Isto evita qualquer interação manual no vidro, preservando a segurança dos trabalhadores. A armazenagem deve ser feita de forma apropriada, ou seja, deve-se utilizar barreiras e separadores. As instalações têm de ser apropriadas: a altura do galpão, portas de acesso, mesas de corte, ponte rolante e estoque.

 

Em geral a movimentação de cargas é feita através dos cavaletes metálicos tipo L-frame, a movimentação de pacotes é feita através de pontes rolantes com dispositivos específico. O transporte rodoviário é feito com caminhões especiais, conhecidos como inloader, que transportam os cavaletes.

 

Os pacotes de vidro jumbo são mais pesados, a partir de 4 toneladas, e contém mais chapas em comparação com o tamanhos padrões, isto é necessário  para garantir estabilidade e robustez aos pacotes.

 

 

Custo diferenciado

 

O preço do vidro em si não é afetado, pois neste caso, a medida dele não interfere no preço.
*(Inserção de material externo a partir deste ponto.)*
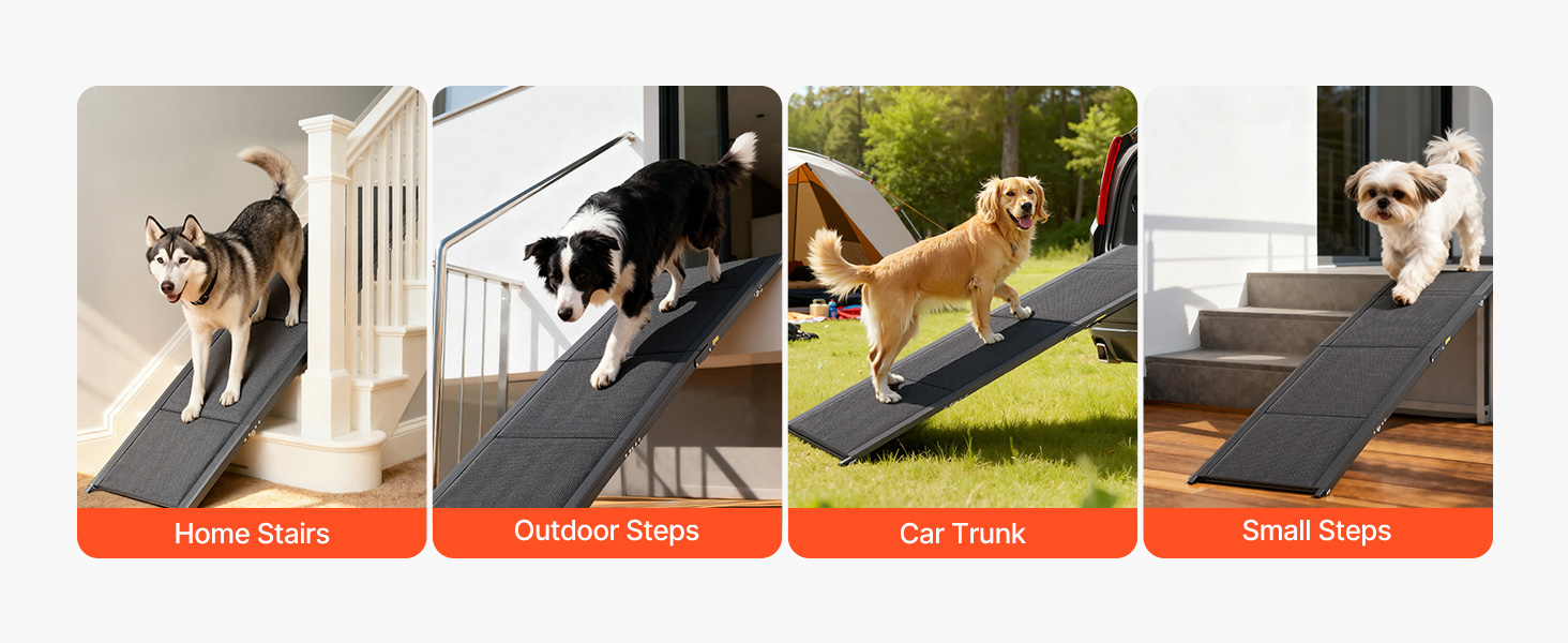 Rampa pre veľkého psa je ideálna pre autá, vnútorné schody, vonkajšie schody, karavany alebo bazény. Znižuje namáhanie kĺbov, čím zabezpečuje bezpečný a pohodlný pohyb domácich miláčikov v každom scenári a poskytuje vám pokoj počas výletov.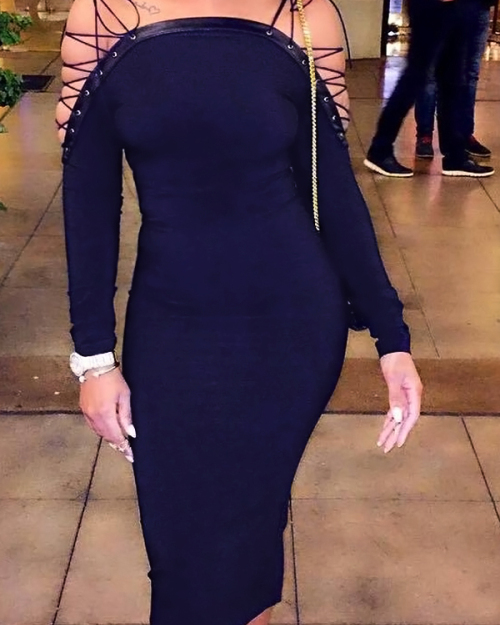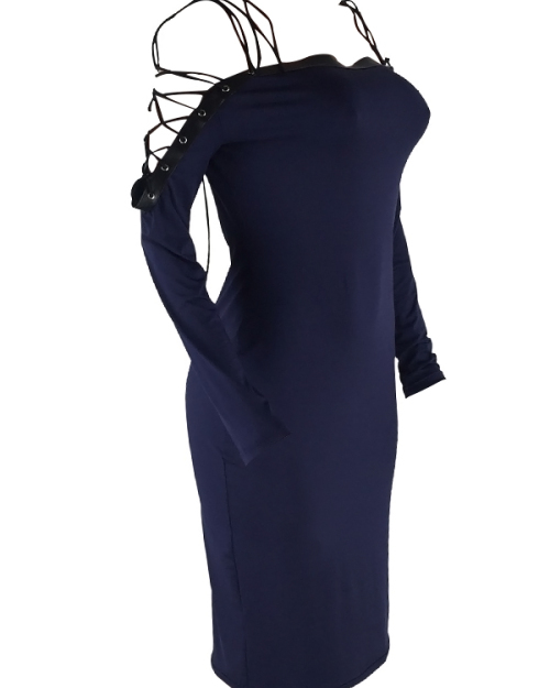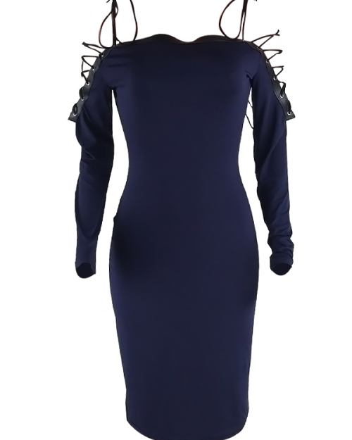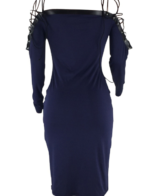 Sexy Bateau Neck Shoulders Lace-up Dark Blue Polyester Mid Calf Dress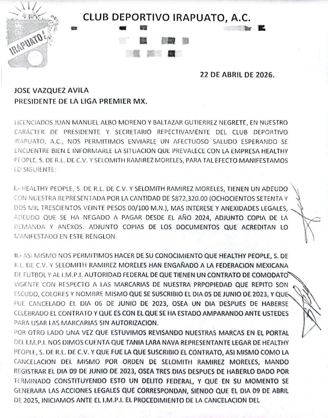 Reportes basados en documentación interna señalan que la empresa “Healthy People”, dirigida por Selomith Ramírez, acumuló adeudos durante el periodo en que el club compitió en la Liga Premier, correspondientes a compromisos financieros no liquidados.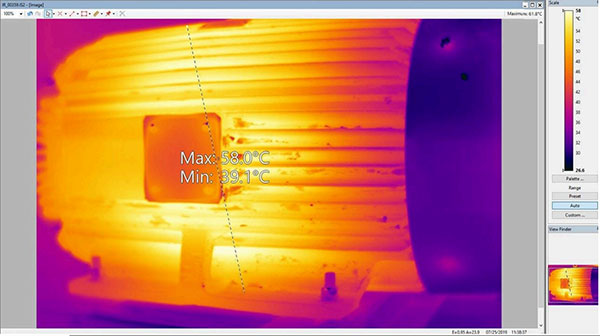 Figure 1 : Shown is a thermogram of an operating electric motor; the colors indicate the temperature of each part of the motor. (Image source: Fluke Electronics)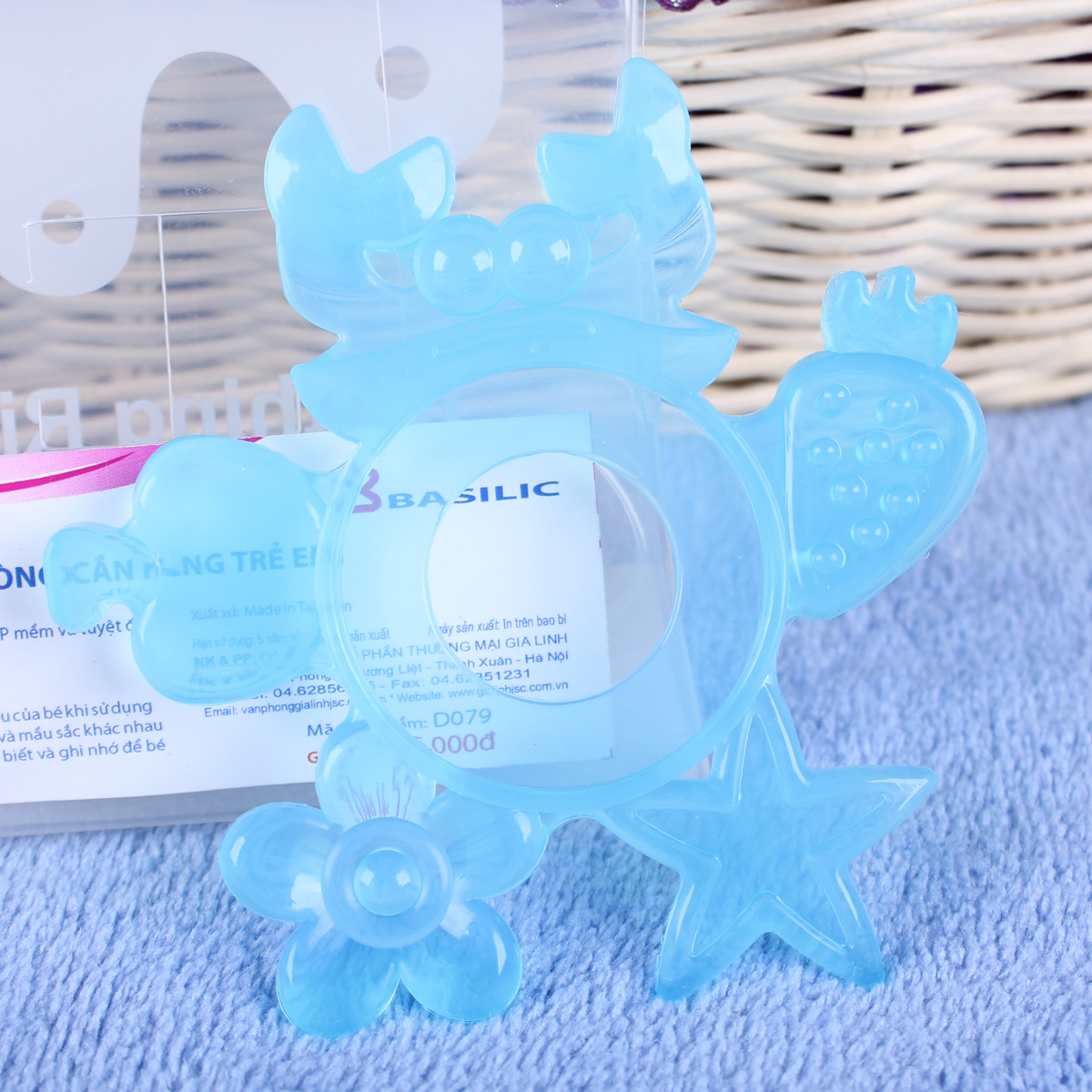 Với các hình đa dạng như con cua, quả táo, bông hoa, ngôi sao hay dâu tây Vòng cắn răng Basilic D079 giúp bé còn nhận biết các hình ảnh về đồ vật.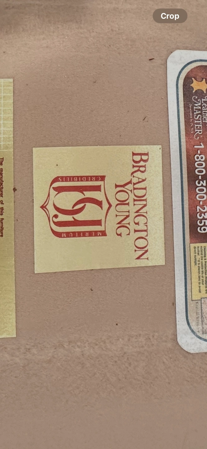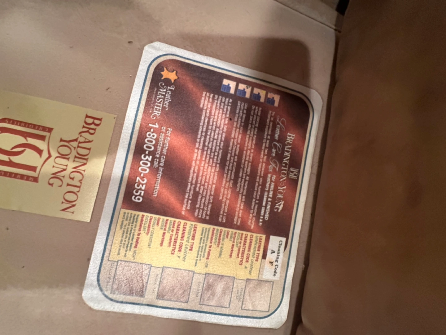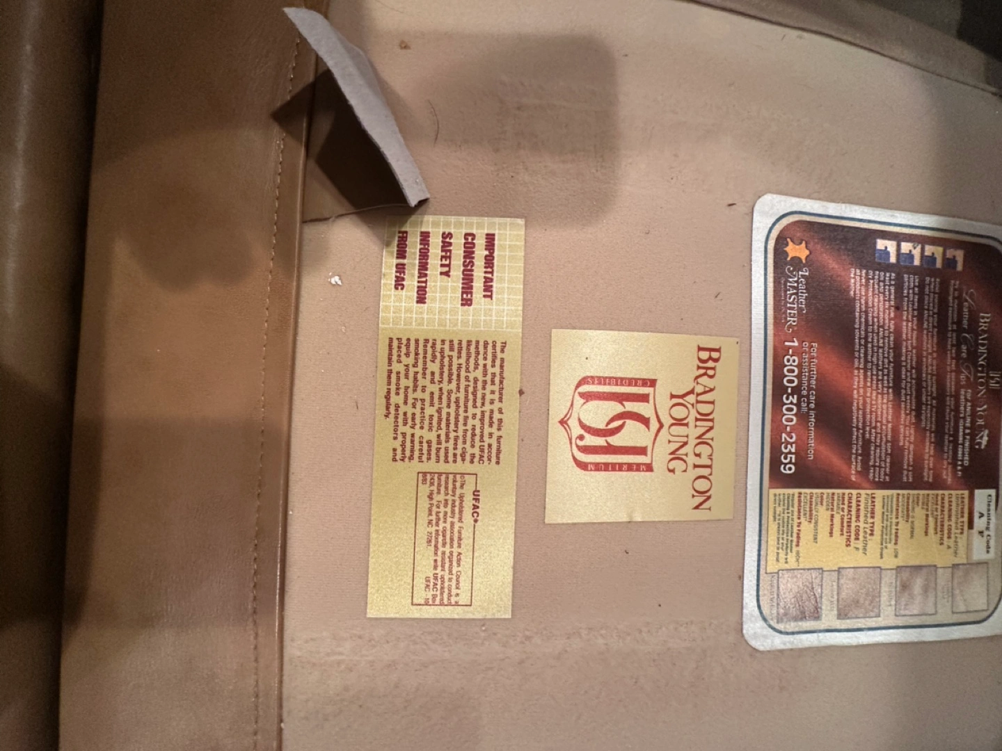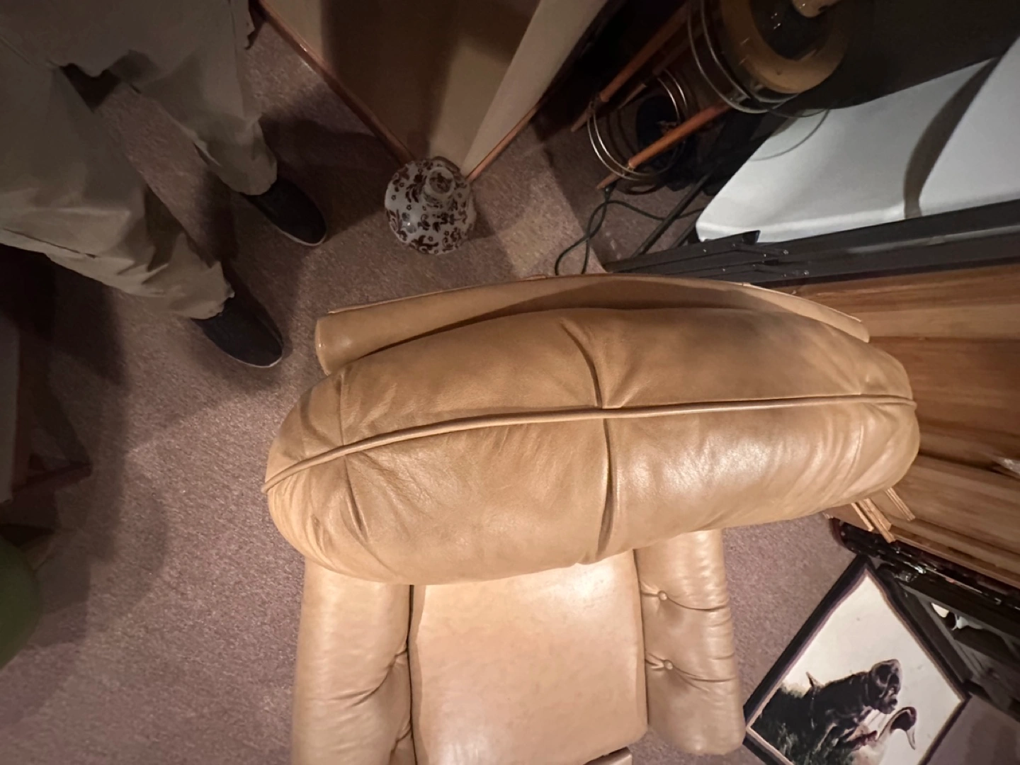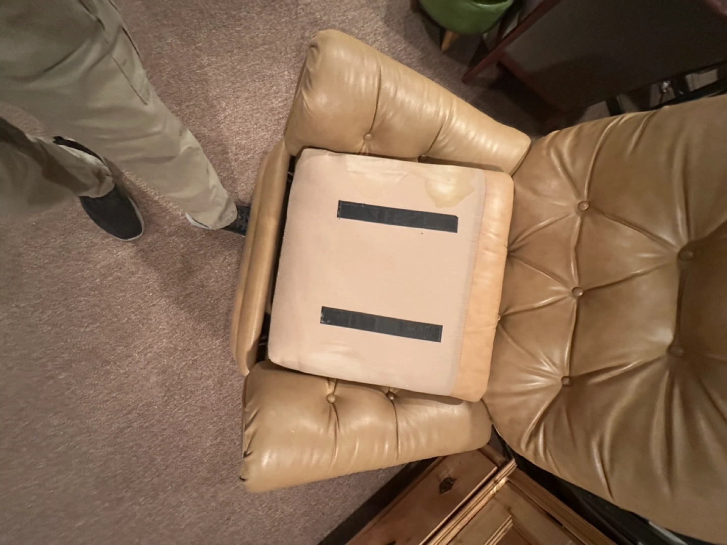 Tan leather recliner. Button-tufted back and seat. Reclining mechanism and footrest.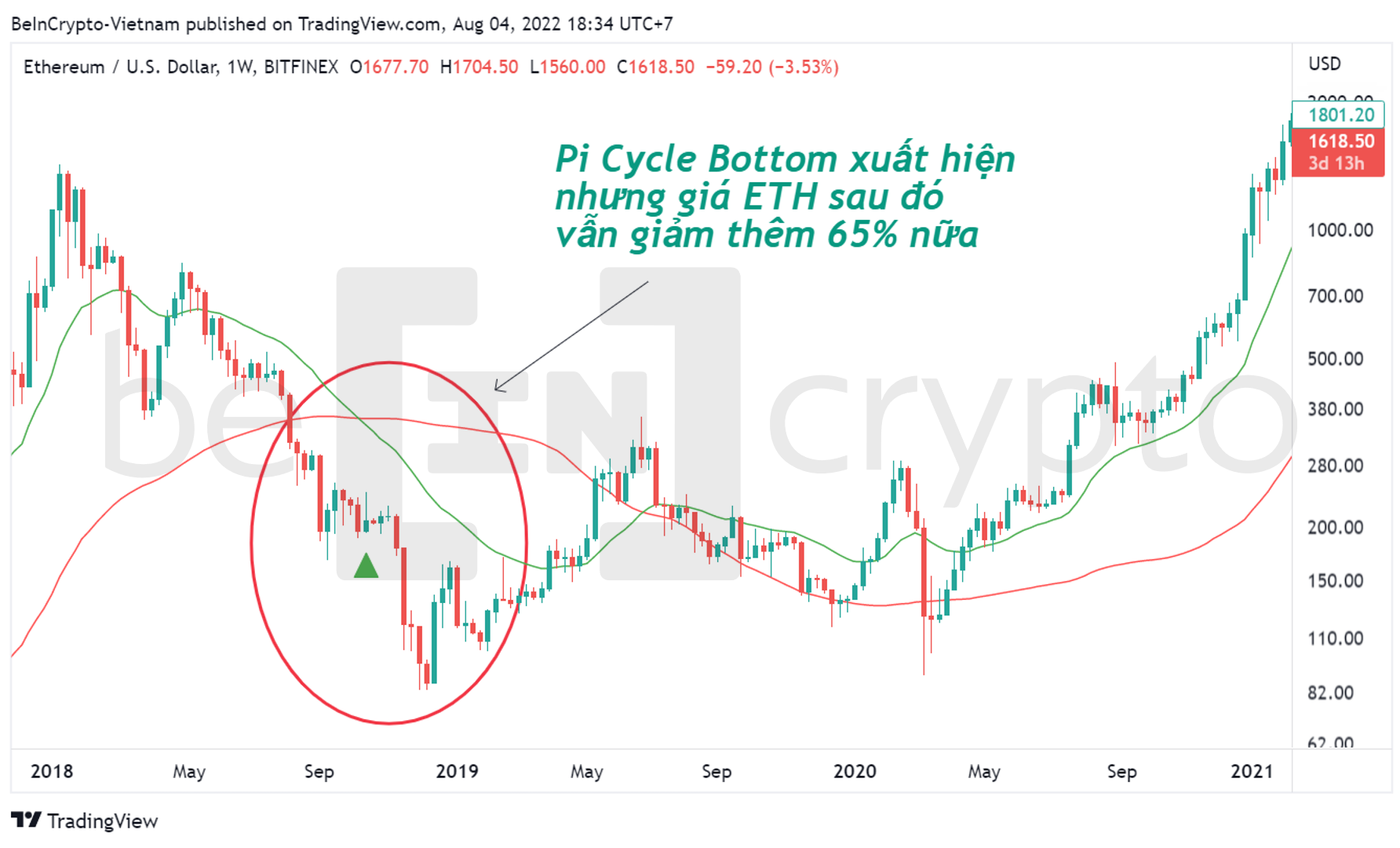 Năm 2019, Pi Cycle Bottom cũng xuất hiện với đường giá ETH. Giá ETH sau đó cũng cao hơn dần nhưng chỉ được vài tuần thì giảm thêm 65% nữa. Vậy thì, điều gì khiến cho kịch bản tương tự không xảy ra với Bitcoin hiện tại? Số lần thử sai với chỉ báo này quá ít ỏi để khẳng định mức độ đáng tin cậy.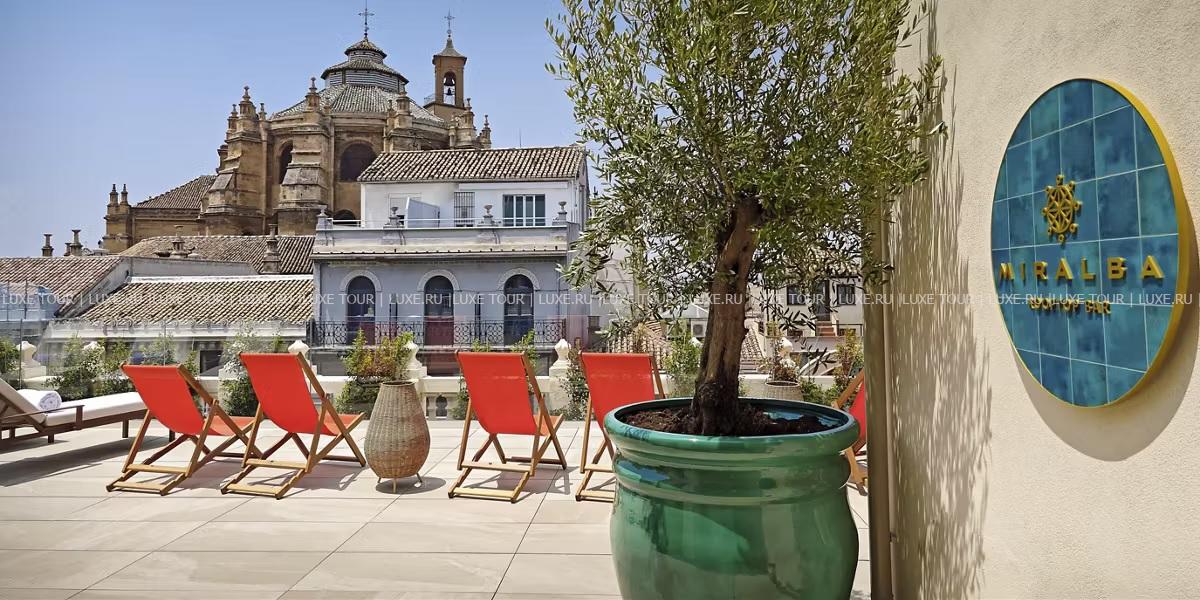 - В баре на крыше Miralba можно отдохнуть за коктейлем или бокалом вина, любуясь потрясающим панорамным видом на Гранадский собор и Альгамбру.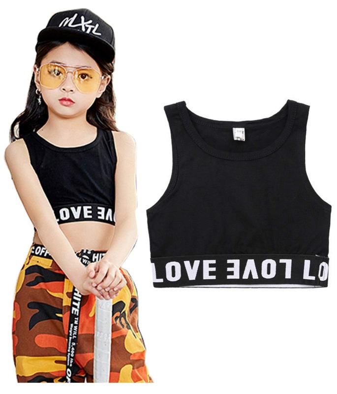 [] [インソミラ] 子供服 ハーフ タンク キッズ 女の子 ダンス ヒップホップ スポーツ ステージ衣装 ジャズダンス 小学校 重ね着 キャミソール 黒 白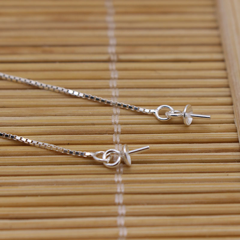 S925 Sterling Silver DIY Pearl Accessories Round Bead Pearl Ear String Box Chain Earring Accessories Air Holder Semi-finished Women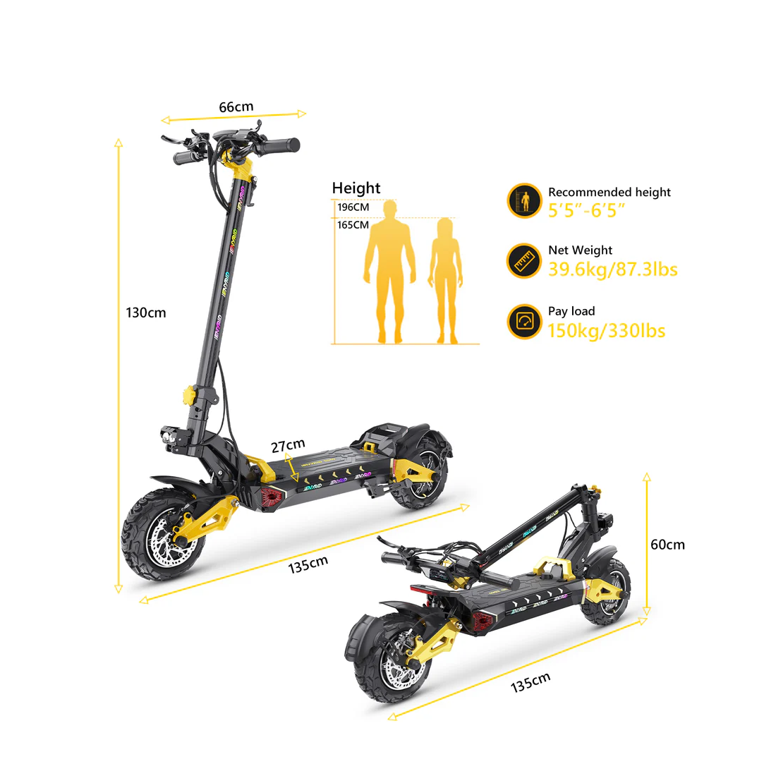 The iENYRID ES60 E-scooter is equipped with dual 1200W motors, providing a combined output of 2400W. This powerhouse enables you to reach thrilling speeds of up to 40 mph, making it one of the fastest scooters in its class. Whether you're commuting through the city or tackling off-road trails, the ES60 delivers smooth, consistent power.

No entanto, os custos de fretes são diferentes em comparação com as medidas padrão, pois demandam veículos especiais, como já citado.  Quanto maior a distância, provavelmente maior o custo de frete do jumbo que pode impactar no custo final ao cliente.

 

Além disso, o investimento em equipamentos para sua manipulação, mão de obra especializada e uso de maquinário adequado para fazer seu beneficiamento, processos necessários por se tratar de um vidro pesado e extenso, encarecem o produto final em aproximadamente de 20 a 50%.